Data entries.
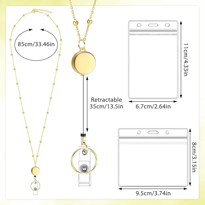 - 【Value Combination】3 Pcs beaded badge lanyards, three colors of gold, silver, pink; 3 pcs retractable reel clip; 6 pcs waterproof badge holders, horizontal and vertical two styles, easily meet your different needs
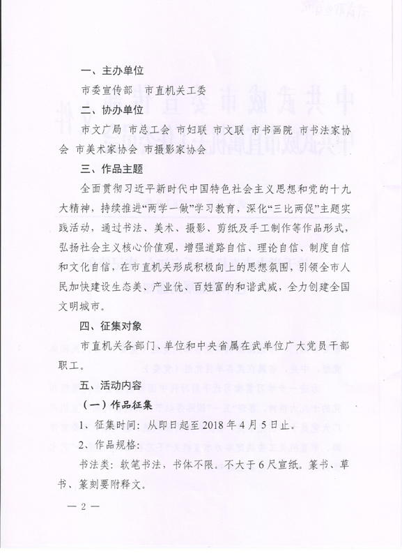 現(xiàn)將中共武威市委宣傳部、中共武威市直屬機(jī)關(guān)工作委員會(huì)《關(guān)于舉辦市直機(jī)關(guān)“不忘初心? 牢記使命”藝術(shù)作品展的通知》(武市直發(fā)〔2018〕9號(hào))轉(zhuǎn)發(fā)你們,請(qǐng)各部門(mén)、單位根據(jù)要求認(rèn)真組織,積極參與。將參賽作品于4月2日前報(bào)宣傳統(tǒng)戰(zhàn)部辦公室,宣傳統(tǒng)戰(zhàn)部對(duì)報(bào)送作品匯總后統(tǒng)一報(bào)送市直屬機(jī)關(guān)工委。
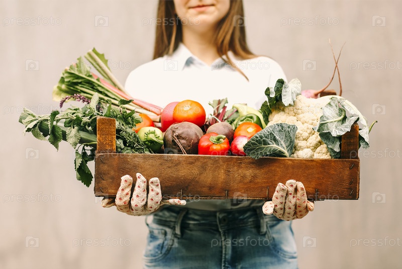 Урожай женщина-садовник с овощами
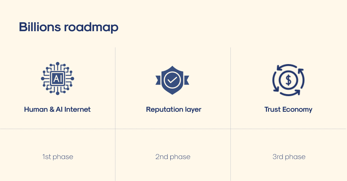 Billions는 인간과 AI가 함께하는 탈중앙 신뢰 생태계를 구축하기 위해, 단계적으로 네트워크 접근을 확대하고 있습니다. 이 생태계는 ‘가치의 인터넷(Internet of Value)’을 확장하기 위한 기반이 됩니다.
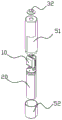 In some embodiments, the upper bottom surface of the first housing 51 is provided with a first pole cap mounting portion 54, and the lower bottom surface of the second housing 52 is provided with a second pole cap mounting portion 55. The first polar cap 32 is a disc-shaped with a convex middle part, and the second polar cap 33 is a cylinder with a hollow upper end opening 53. The first pole cap 32 is upwardly protruded and is abutted against the edge of the first pole cap mounting part 54, the opening 53 of the second pole cap 33 is upwardly protruded, and the bottom surface is clamped against the edge of the second pole cap mounting part 55. Thus, the lithium battery cell 20 is fixed in the shell 50 without affecting the function thereof.
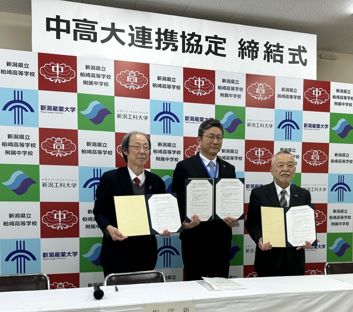 2月20日(金)、新潟県立柏崎高等学校・附属中学校と本学による中高大連携に関する協定書の締結式が同校で行われました。
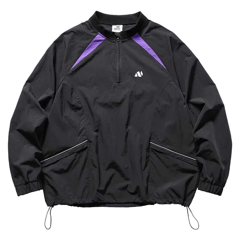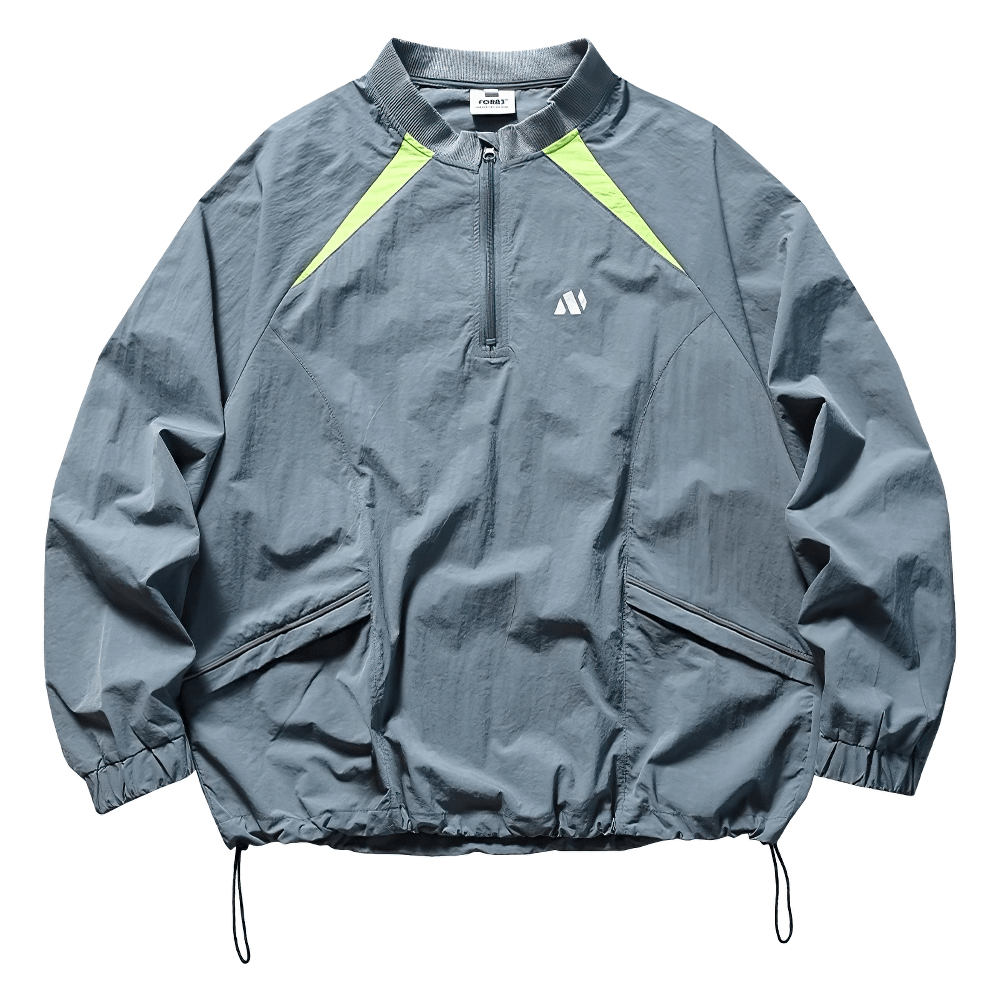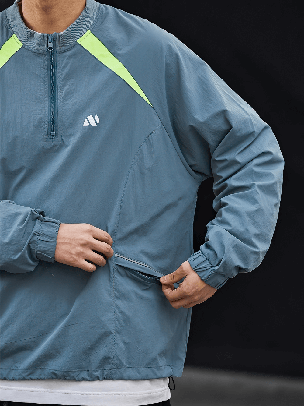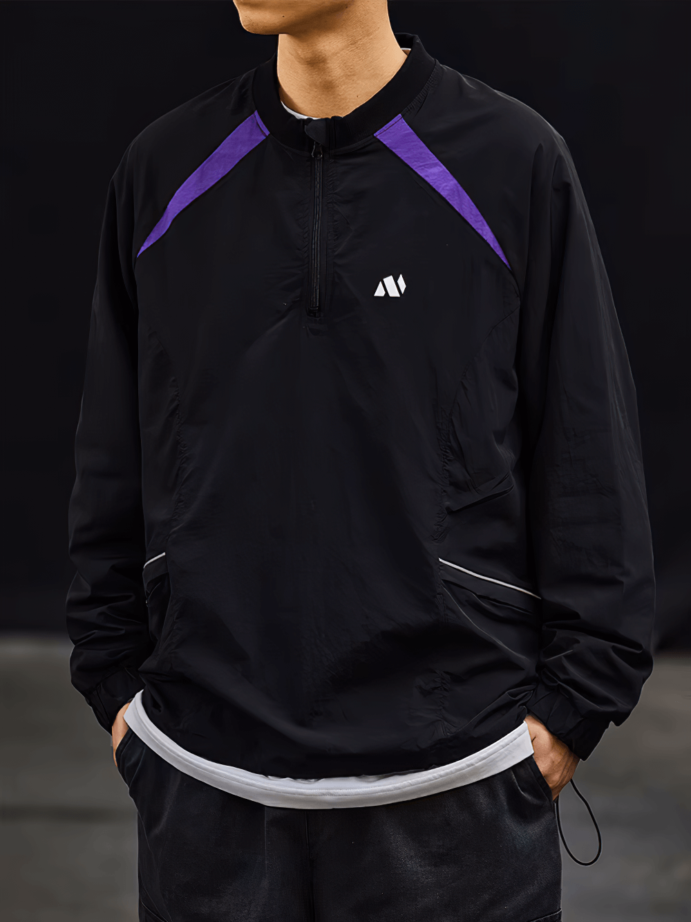 Elevate your streetwear style with this lightweight half-zip sports jacket. Crafted from durable polyester, it features a modern crew neck design, patchwork accents, and a convenient zipper closure. Ideal for casual outings or sports activities, this regular-fit jacket offers a sleek and trendy look with conventional cuffs and a thin yet sturdy construction. Perfect for everyday wear.

Instructions to follow.
Leave out any pictures and return exactly the lines from the beginning of the data through the line with "2月20日(金)、新潟県立柏", inclusive.

Your response.
 - 【Value Combination】3 Pcs beaded badge lanyards, three colors of gold, silver, pink; 3 pcs retractable reel clip; 6 pcs waterproof badge holders, horizontal and vertical two styles, easily meet your different needs
 現(xiàn)將中共武威市委宣傳部、中共武威市直屬機(jī)關(guān)工作委員會(huì)《關(guān)于舉辦市直機(jī)關(guān)“不忘初心? 牢記使命”藝術(shù)作品展的通知》(武市直發(fā)〔2018〕9號(hào))轉(zhuǎn)發(fā)你們,請(qǐng)各部門(mén)、單位根據(jù)要求認(rèn)真組織,積極參與。將參賽作品于4月2日前報(bào)宣傳統(tǒng)戰(zhàn)部辦公室,宣傳統(tǒng)戰(zhàn)部對(duì)報(bào)送作品匯總后統(tǒng)一報(bào)送市直屬機(jī)關(guān)工委。
 Урожай женщина-садовник с овощами
 Billions는 인간과 AI가 함께하는 탈중앙 신뢰 생태계를 구축하기 위해, 단계적으로 네트워크 접근을 확대하고 있습니다. 이 생태계는 ‘가치의 인터넷(Internet of Value)’을 확장하기 위한 기반이 됩니다.
 In some embodiments, the upper bottom surface of the first housing 51 is provided with a first pole cap mounting portion 54, and the lower bottom surface of the second housing 52 is provided with a second pole cap mounting portion 55. The first polar cap 32 is a disc-shaped with a convex middle part, and the second polar cap 33 is a cylinder with a hollow upper end opening 53. The first pole cap 32 is upwardly protruded and is abutted against the edge of the first pole cap mounting part 54, the opening 53 of the second pole cap 33 is upwardly protruded, and the bottom surface is clamped against the edge of the second pole cap mounting part 55. Thus, the lithium battery cell 20 is fixed in the shell 50 without affecting the function thereof.
 2月20日(金)、新潟県立柏崎高等学校・附属中学校と本学による中高大連携に関する協定書の締結式が同校で行われました。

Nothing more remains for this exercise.